Privatization of public services leads to Fascism, plain and simple. It must be stopped.

Resources:
Wiki debtor's prison
ACLU Nowlin press release
Nowlin Motion
Northern Circuit Complaint (Mississippi)
Criminal defense law
Constitution, Miranda warning and rights
Recovery.gov
Florida rejects stimulus
GOP rejects stimulus money
South Carolina rejects stimulus
Rejecting Stimulus aid may save states
Governors reject stimulus for unemployment
Senators divided over stimulus rejection
Georgia rejects stimulus money
Republicans torn over stimulus funds
All articles linked to in text.

6 comments:

stillthinking said...

Why hasn't this gotten more media attention? Why haven't the major news networks and newspapers jumped all over this? Why hasn't the ACLU made a major media campaign out of this? This is indentured servitude, this is modern day slavery.

Fuck the Republicans. I hope the people in these states come to their senses and realize what bastards they actually are.

Now I am all worked up.

John the Custodian said...

It is approaching the fully corporatized state that England had under George III. Nothing unAmerican about that O_o. Thomas Paines "Rights of Man" denounces that system--hence the name of my 2nd blog. Good Stuff here :)

Monkey Wrench said...

Great, indentured servitude is back again!! Next we can start shipping foreigner's with dark skin into the country, and forcing them to do work with not pay and no rights!!

It would help the economy!! SO that's what we should do!

I mean, what's important, human rights or a big stack of cash??


(a)

Wrench

Sylvie said...

Whoa - though, we should have seen this coming. Way back in the day, when Clinton was in office, I did a job for the Federalist Society, a couple of their meetings. They really wanted debtors prisons, and workhouses for the children of former welfare recipients.

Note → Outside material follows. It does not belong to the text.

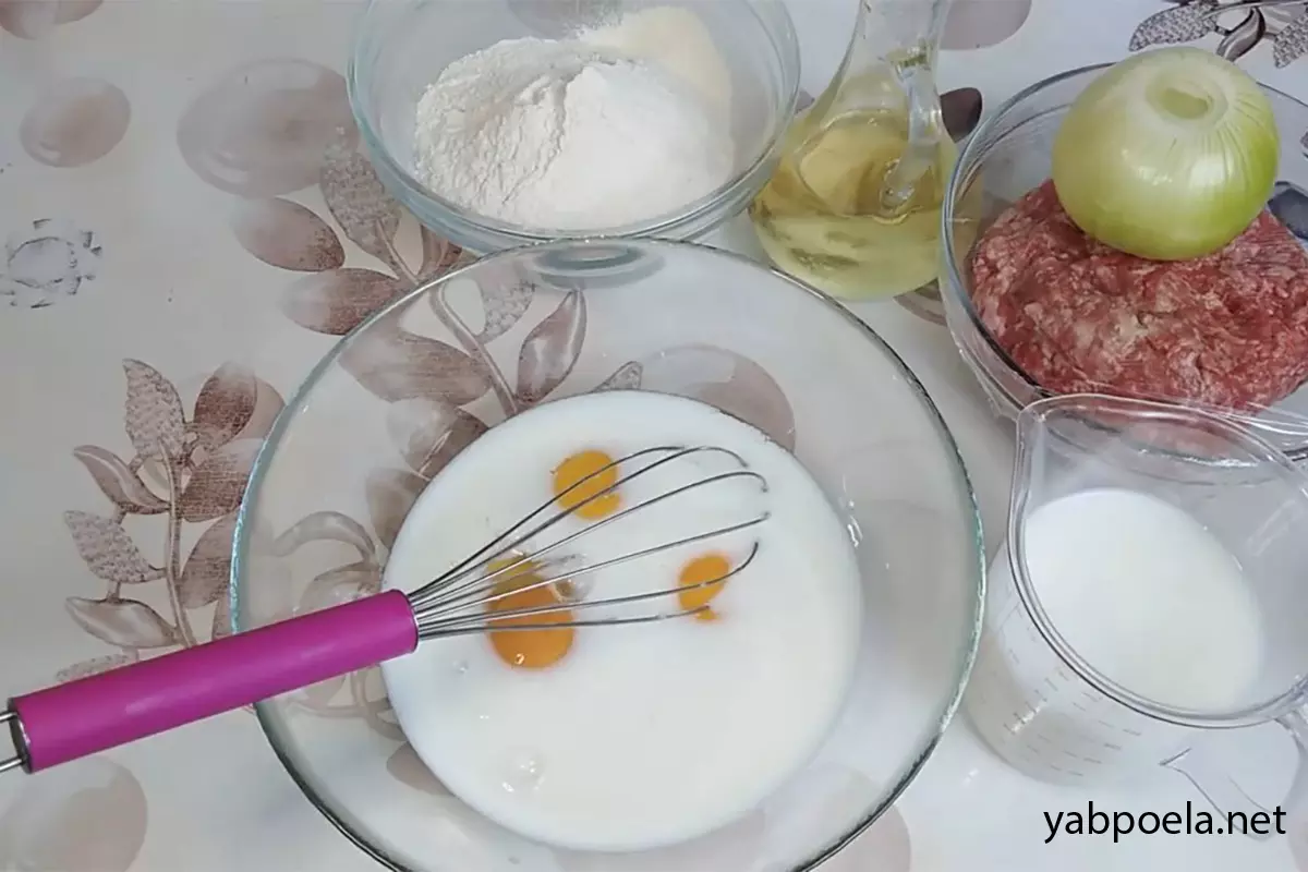В глубокую миску разбейте 3 яйца, добавьте 4 ч. л. сахара и 1 ч. л. соли (неполную, без горки). Влейте примерно половину жидкости (смесь молока и воды). Перемешайте.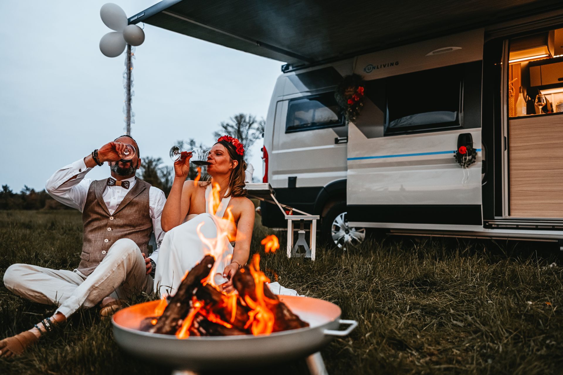 Zur Einrichtung in den Fahrzeugen gehören schon Geschirr und Besteck (4 Personen), Töpfe, Pfanne, sowie auch CEE-Stromkabel, 1 Paar Ausrichtkeile, Gießkanne und und und.

It was a shockingly medieval point of view. I wouldn't have believed it if I didn't hear it with my own ears. You will pay or you will pay.

More recently, I've had a job where a roomful of CIOs were talking about Eastern Europe being like Mexico for engineers. They wre very excited at the prospect of the really cheap, really educated workforce there.

The E. Europeans are/were desperate folks. and the CIOs were looking to reduce their labor costs even further, and in every front.

Slavery is the only outcome for this kind of mentality. Zero: it's the "wage that makes sense" for the masters of the universe.

The only question I have now is, do you think we will tolerate this stuff on a large scale?

LiteralDan said...

I'm all for strict, enforceable punishments, but this is madness.

I'm thinking the neo-conservatives are so conservative, they want to take us all back to the 1760s. You know, the good old god-fearing, King-loving, thumb-screwing days.

Dave Dubya said...

You have to think that there are many wealthy elites who would love the idea of a "final solution" for the poor and indebted.

Those KBR/Homeland Security labor camps are the perfect places for poverty stricken, bankrupted, unemployed citizens to enter in a "work will make you free" program.

Their historical precedent is the "Arbeit Macht Frei" camp system from 1930's and '40's in Europe.

All we need for this to happen is the next Republican president, knowing he will not be accountable for any crime.

This scenario is very possible due to the Reich Wing making every effort to assure Obama fails.